Prepositions are difficult to deal with. (This is generally true of almost every language.) For there is a lot of influence from French, my view is the following:

(1) From has fundamental semantics involving something being in a certain location and then moving out of that location;

(2) in this specific use, those semantics are close to the surface. A foreigner putting this phrase together would likely be able to guess that from was the right preposition to use.

Contrast something like refrain [from], where the semantics are still not entirely gone, but the foreigner is going to have a much harder time.

I didn't want to think very hard about exactly how much the semantics were present in prepositions, so if I thought they were present in a nontrivial way, I gave them 50%.

> "a lot of" as a quantifier might be completely grammatical, same as "more", "less", "thirty", etc.

I had a lot of trouble with thirty and ended up scoring it as an adjective for the unprincipled reason that that would make it count as semantic. Grammatically the least we can say is that it's not a normal adjective. This is also true of more and less (where we can say more), so good eye.

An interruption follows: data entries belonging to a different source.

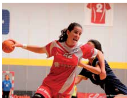
Lance de juego en la final contra el BM Alcobendas.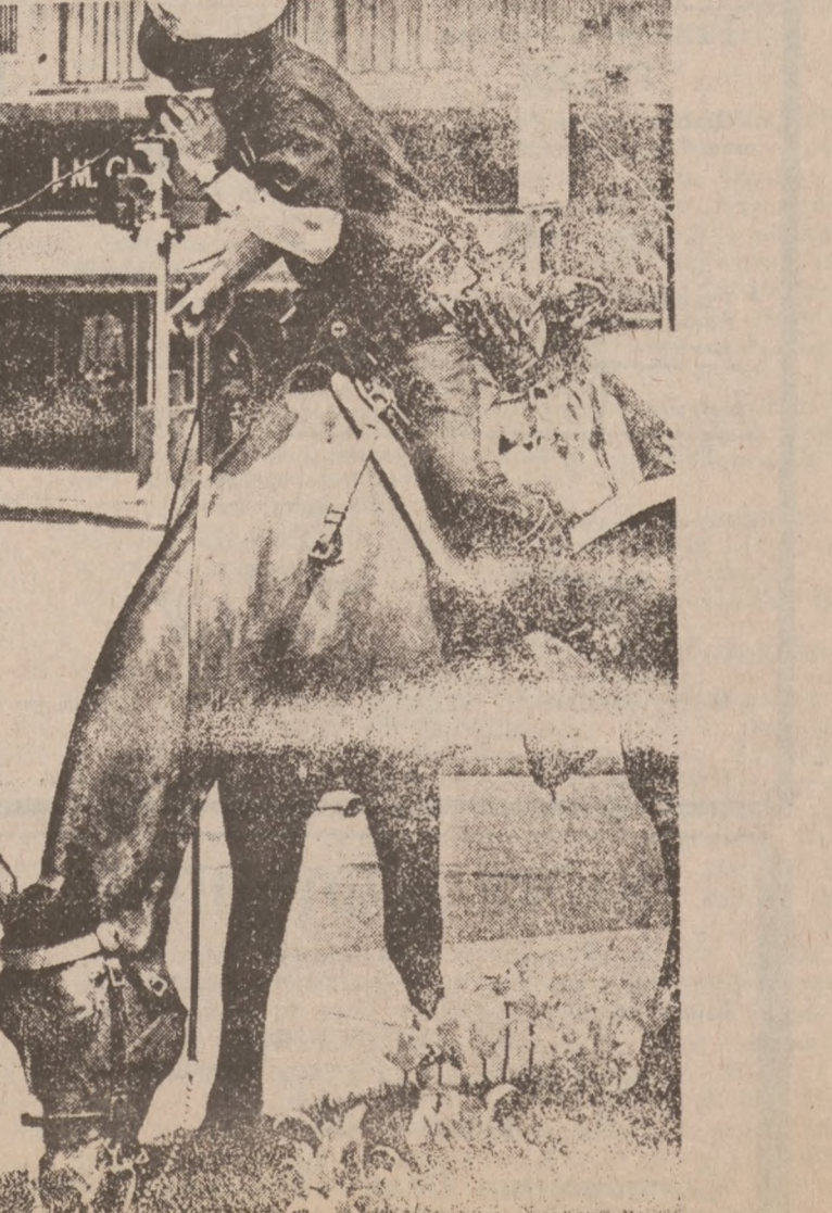
DETROIT, MICH.—Policjant detroicki tlefontuje na stację policyjną z konia, który sobie tymczasem spokojnie gryzie trawę na ulicy miasta.

Regimentem natomiast, czyli pułkiem w wojskach cudzoziemskiego autoramentu, dowodzi oberster. Pułkiem w wojskach narodowego autoramentu dowodzi pułkownik.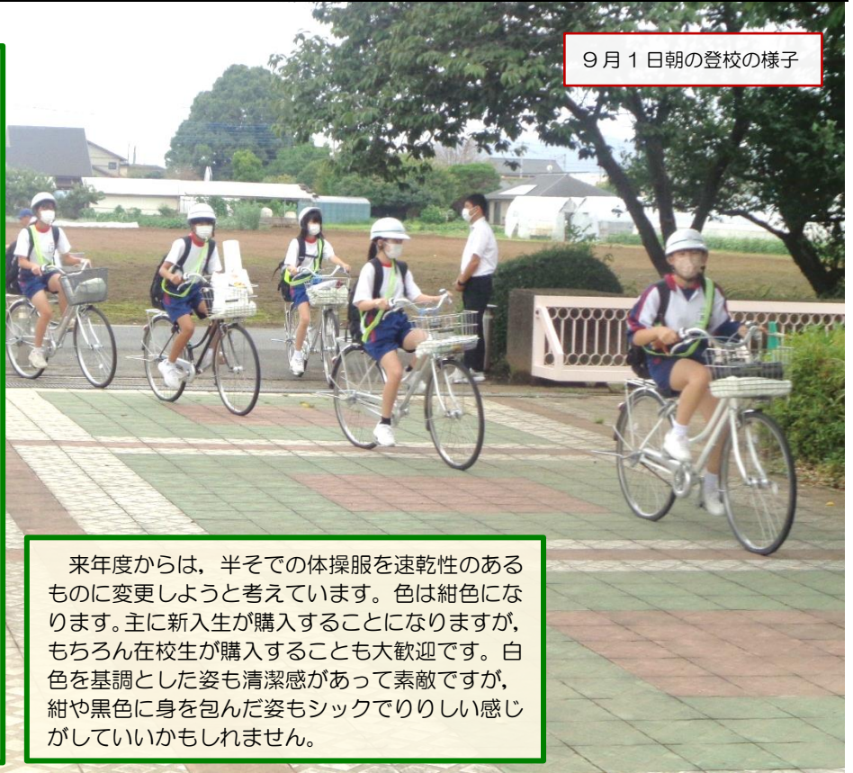
9月1日朝の登校の様子

面白いなと思ったのは、紺色の靴下をはいている生徒を見かけなかったことです。そういえば、生徒総会でも紺色は教師サイドが良かれと思って追加した色でした。生徒会からの要望はきちんと生徒の嗜好を反映したものだったので、改めて、生徒の実態に寄り添った生徒会活動の良さを見直しました。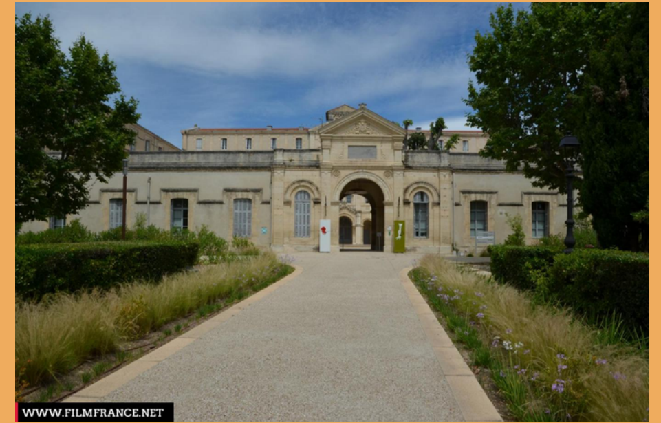
Lycée Françoise Combes (Lycée d'excellence)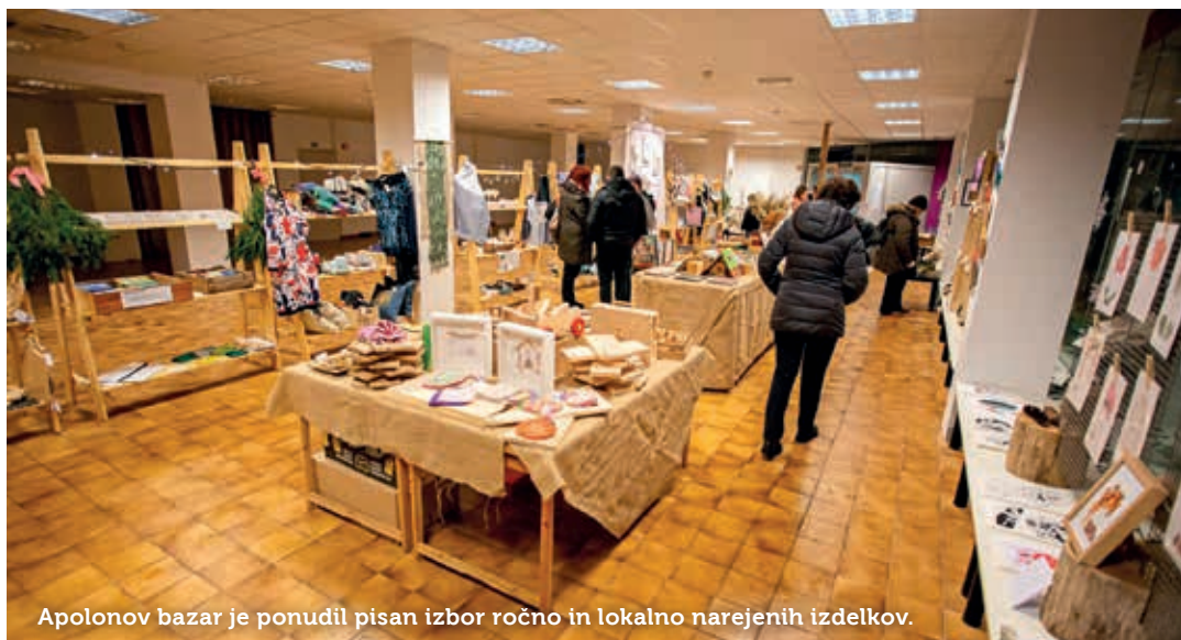
Apolonov bazar je ponudil pisan izbor ročno in lokalno narejenih izdelkov.

Društvo Lokalc veseli, da so se tokrat odzvali na povabilo k sodelovanju pri soustvarjanju programa pivška Hiša kulture, Destilator, društvo Hnum in Postojnska godba . Tako je sejem na enem mestu ponudil pisan izbor ročno in lokalno narejenih izdelkov, malih pozornosti in izvirnih darilc, ki združujejo znanje, ljubezen, izkušnje in inovativnost domačih ustvarjalcev. Ime je dobil po grškem bogu Apolonu, zavetniku kreativne umetnosti in ustvarjalnosti. Namen bazara je, da priložnostno spodbudi k sodelovanju in poveže različna društva, institucije ter posamezne umetnike, rokodelce in oblikovalce. Hkrati na enem

"A lot [of]" is heavily grammaticalized and this process appears to be continuing. Here's a blog post observing that native speakers often think of "a lot" as a single word: https://hyperboleandahalf.blogspot.com/2010/04/alot-is-bette...

It's not quite the same thing as more and less, though. They can substitute for it:

A lot of the students...

More of the students...

But it can't substitute for them:

More students...

*A lot students...

This problem won't go away if we include the of; then we'd get

*More the students...

I think it's better not to include the of.

> I'm not sure how linguists would distinguish grammatical words or even if they categorize based on words at all.

Linguists use word to mean an atomic element. Exactly which parts of a certain stretch of speech are atomic depends on the analysis you're trying to do, and linguists have explicit terms for elements that are atomic at different levels or in different ways. By default a "word" would probably be taken to mean a lexeme, which is something that requires its own dictionary entry. A "morpheme" is something like "the smallest element to which we can assign independent significance" and might rarely be considered a "word". At this level you might observe that "fascinate" derives from Latin but its -ing ending, a separate morpheme, does not. A "phoneme" is a sound that is meaningfully distinct from other sounds, and would never be called a "word".

There is a concept of a "clitic", which is something that behaves like an independent word in some ways and like a dependent particle or inflection in other ways. This is almost always a lexeme that is pronounced as if it is part of a nearby word. I don't know of a term for "pronunciational atom", but I wouldn't be surprised if there is one.

Linguists make all kinds of observations about how certain words are semantically weak or in the process of losing their semantics ("semantic bleaching"). And of course they also make all kinds of observations about grammatical rules. So "how grammatical is this word" is definitely a question close to the heart of linguistics, but as you note the concepts are difficult to define and the question often cannot be answered rigorously as applied to particular words.